Machine learning deals with the issue of how to build computer programs that improve their performance at some tasks through experience. Machine learning algorithms have proven to be of great practical value in a variety of application domains. Not surprisingly, the field of software engineering turns out to be a fertile ground where many software development and maintenance tasks could be formulated as learning problems and approached in terms of learning algorithms. This book deals with the subject of machine learning applications in software engineering. It provides an overview of machine learning, summarizes the state-of-the-practice in this niche area, gives a classification of the existing work, and offers some application guidelines. Also included in the book is a collection of previously published papers in this research area.

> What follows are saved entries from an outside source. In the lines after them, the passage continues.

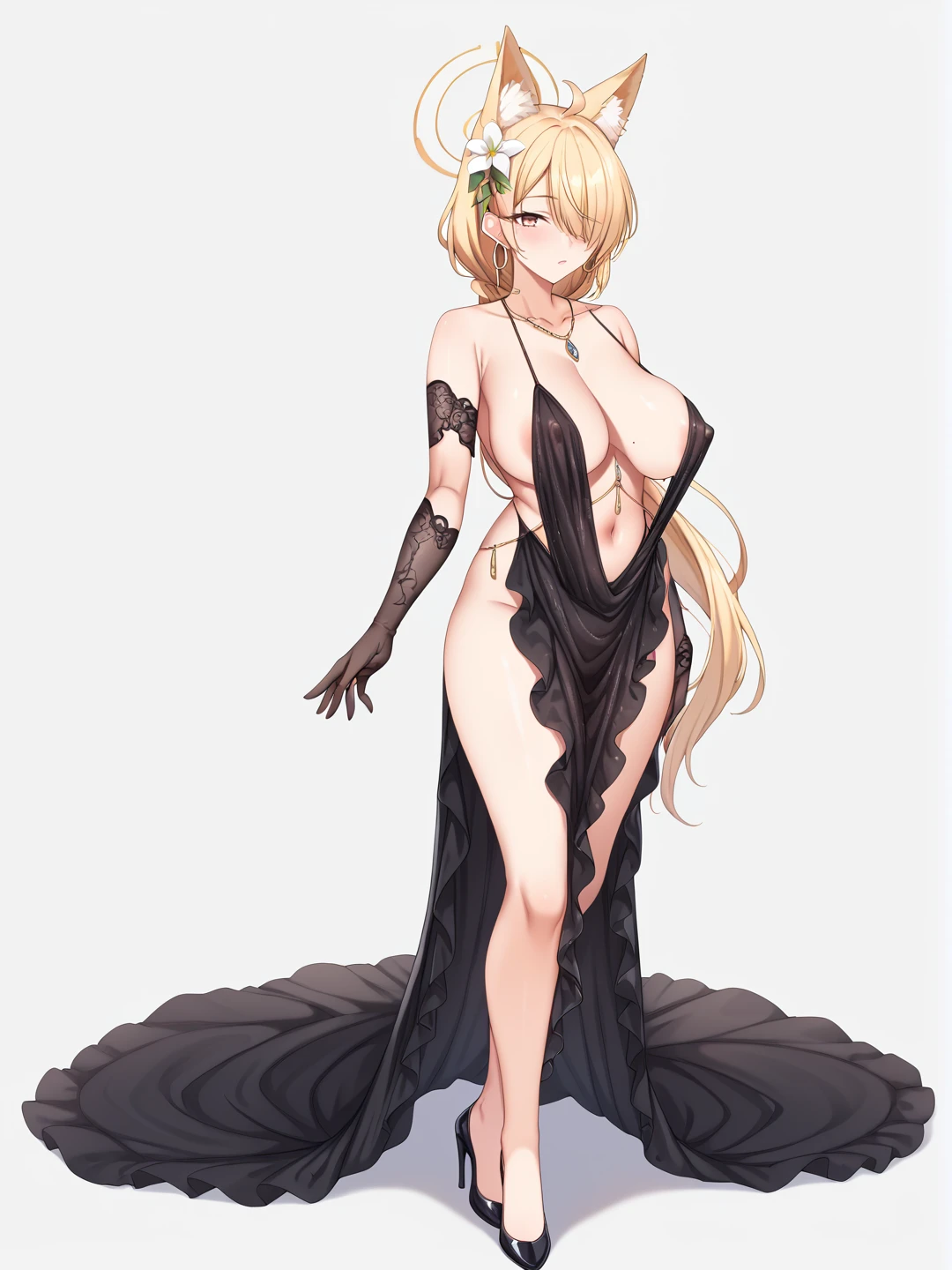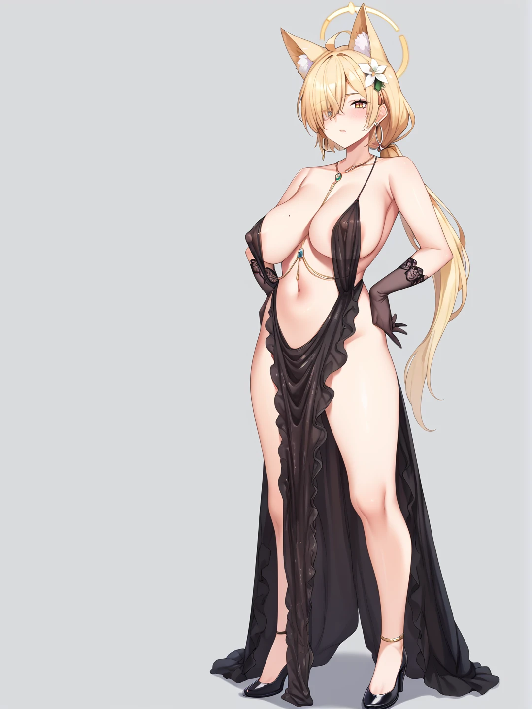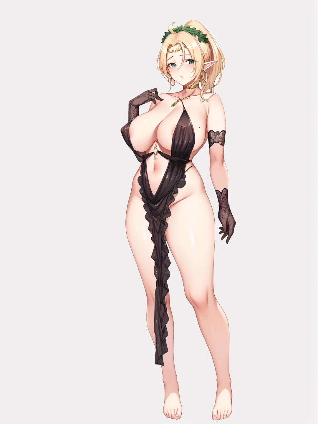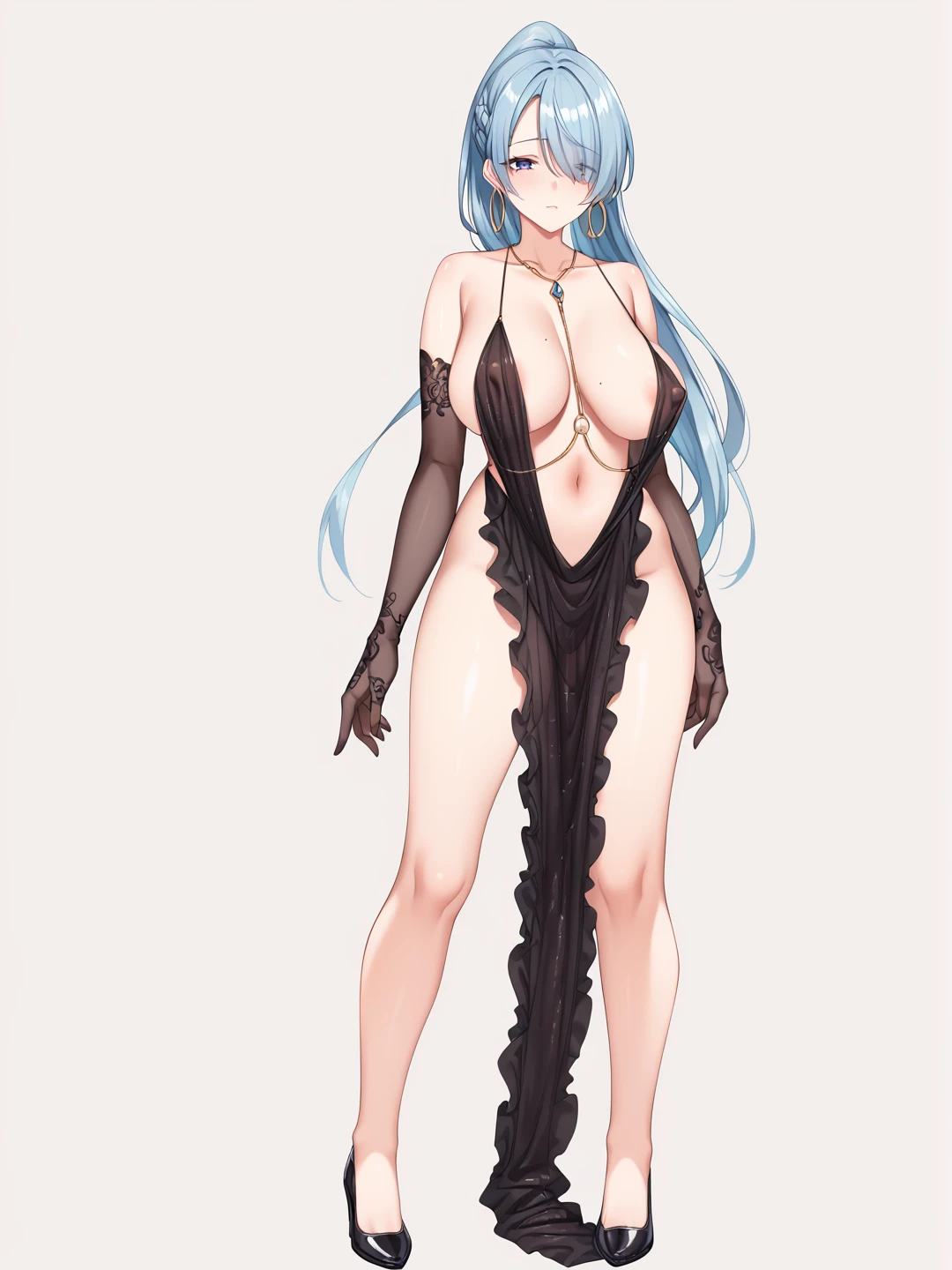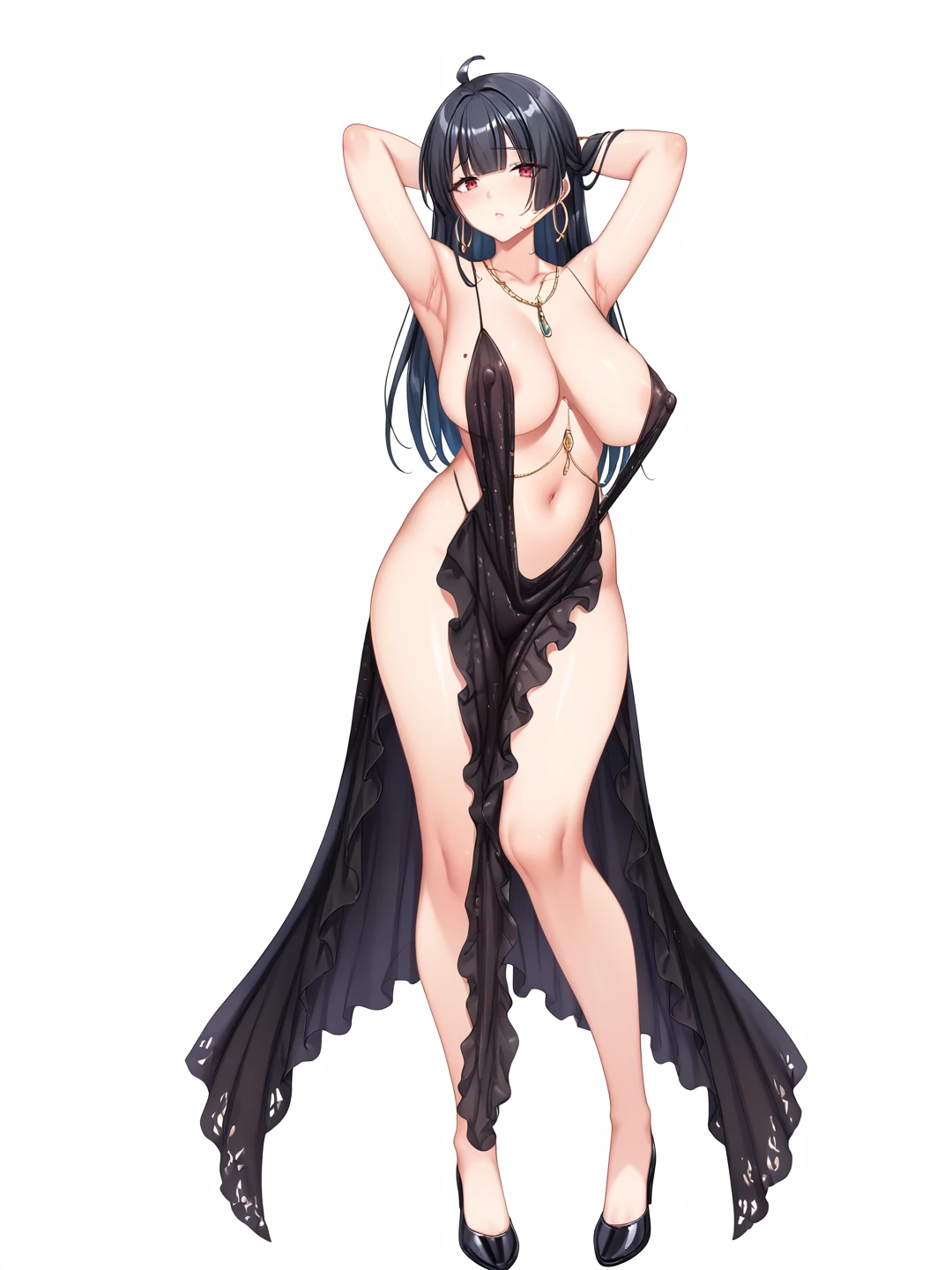 1girl, large breasts, dress, navel, cleavage, bare shoulders, jewelry, thighs, earrings, necklace, black dress, covered nipples, high, revealing clothes, areola slip, mole on breast, hoop earrings,lace trim, lace, areola slip,gloves
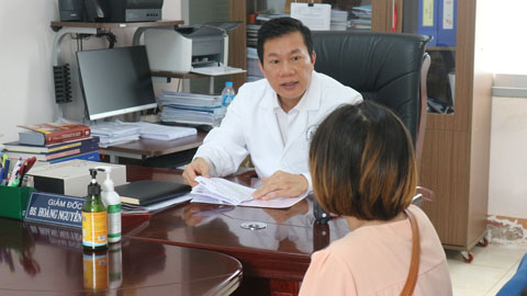 Bác sĩ Trung tâm Da liễu tỉnh tư vấn cho một bệnh nhân mang thai mắc bệnh vảy nến. Ảnh: Quang Nhật
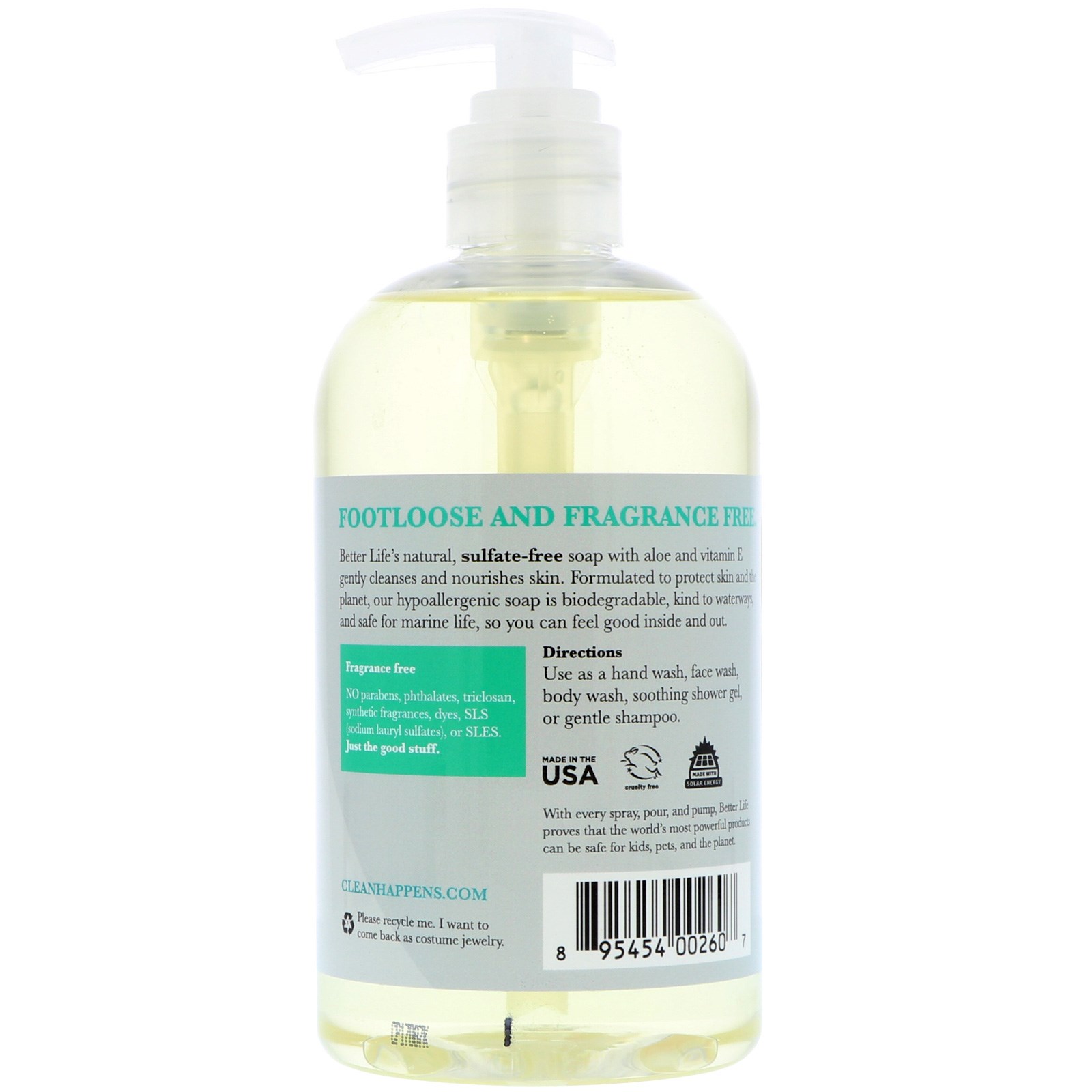 Better Life’s natural, sulfate-free soap with aloe and vitamin E gently cleanses and nourishes skin. Formulated to protect skin and the planet, our hypoallergenic soap is biodegradable, kind to waterways, and safe for marine life, so you can feel good inside and out.
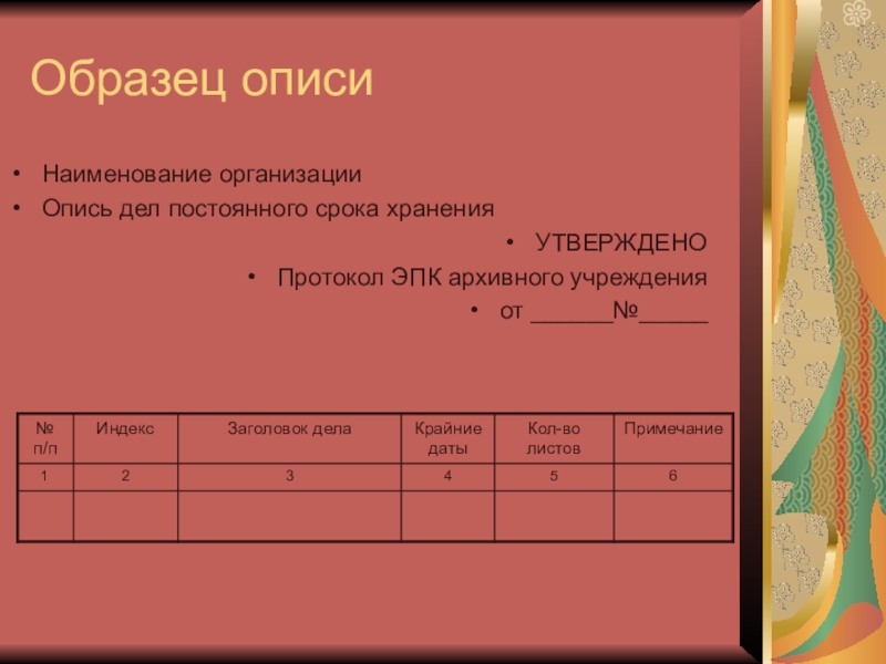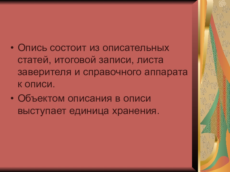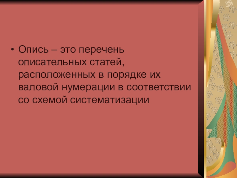 Слайд 5Опись – это перечень описательных статей, расположенных в порядке их
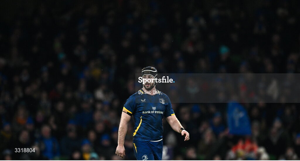 10 January 2026; Caelan Doris of Leinster after his side conceded a second try during the Investec Champions Cup match between Leinster and La Rochelle at the Aviva Stadium in Dublin. Photo by Seb Daly/Sportsfile
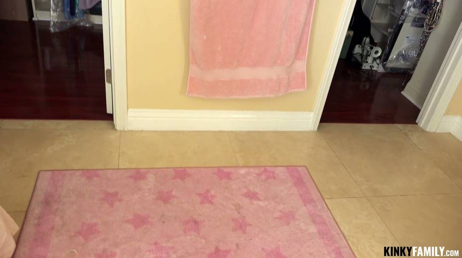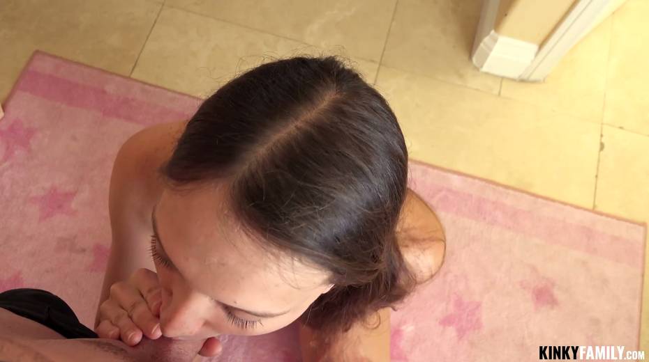 Lustful stepsister Izzy Lush gives a great deepthroat blowjob standing on her knees
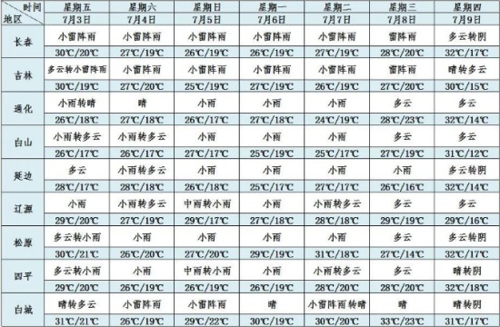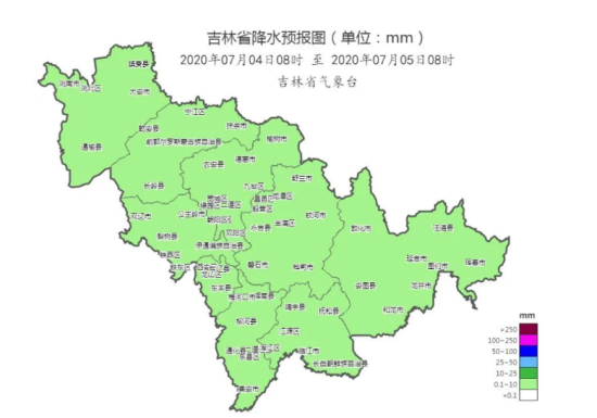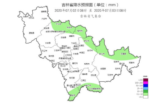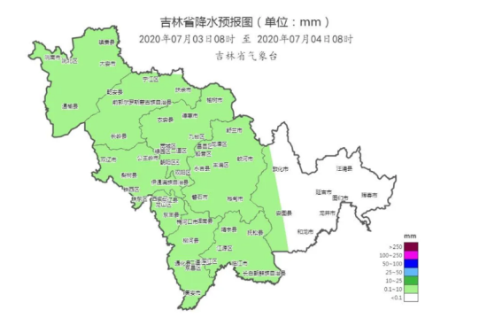 降雨量前十位为:汪清县三道沟村21.3mm,农安县兴隆村16.6mm,蛟河市插树岭11.6mm,蛟河市额勒赫村10.5mm,龙井市船口村9.8mm,白城市白城8.0mm,蛟河市炮手沟村6.6mm,蛟河市前进乡6.1mm,长白朝鲜族自治县沟镇背阴汀村5.3mm,舒兰市朝阳镇4.0mm。
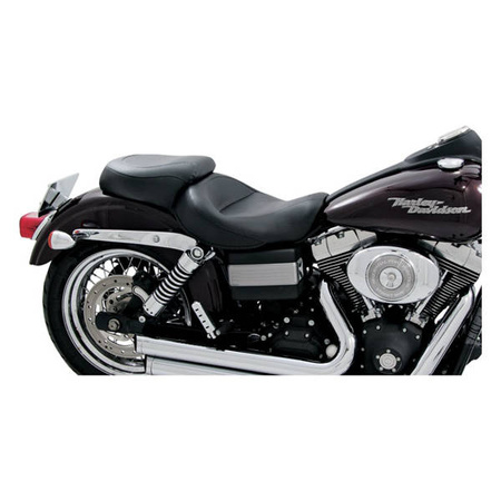Black. Front width 15", rear width 12". Standard stitch. Extra wide for additional comfort. Places the rider in the stock rider position with additional lower back support. Perfect for long distance 2-up cruising. The seat is a split foam construction, but mounted on a one-piece marine-grade fiberglass baseplate.

Hardware-aware Algorithms for Efficient Machine Learning

Hardware-aware Algorithms for Efficient Machine Learning

Author: Tri Dao Phuc Quang

Publisher:

Published: 2023

Total Pages: 0

ISBN-13:

DOWNLOAD EBOOK

Machine learning (ML) training will continue to grow to consume more cycles, their inference will proliferate on more kinds of devices, and their capabilities will be used in more domains. Some goals central to this future are to make ML models efficient so they remain practical to train and deploy, and to unlock new application domains with new capabilities. We describe some recent developments in hardware-aware algorithms to improve the efficiency-quality tradeoff of ML models and equip them with long context. In Chapter 2, we focus on structured sparsity, a natural approach to mitigate the extensive compute and memory cost of large ML models. We describe a line of work on learnable fast transforms that, thanks to their expressiveness and efficiency, yields some of the first sparse training methods to speed up large models in wall-clock time (2x) without compromising their quality. In Chapter 3, we focus on efficient Transformer training and inference for long sequences. We describe FlashAttention, a fast and memory-efficient algorithm to compute attention with no approximation. By careful accounting of reads/writes between different levels of memory hierarchy, FlashAttention is 2-4x faster and uses 10-20x less memory compared to the best existing attention implementations, allowing us to train higher-quality Transformers with 8x longer context. FlashAttention is now widely used in some of the largest research labs and companies. In Chapter 4, we examine state-space models, a promising architecture designed for long-range memory. As we seek to understand why early state-space models did not perform well on language modeling tasks, we propose simple multiplicative interaction that expands their expressiveness. We also design hardware-friendly algorithms to train them. As a result, we are able to train state-space models to multi-billion parameter scale, demonstrating a new kind of model competitive with the dominant Transformers in language modeling. We conclude with some exciting directions in ML and systems, such as software-hardware co-design, structured sparsity for scientific AI, and long context for new AI workflows and modalities.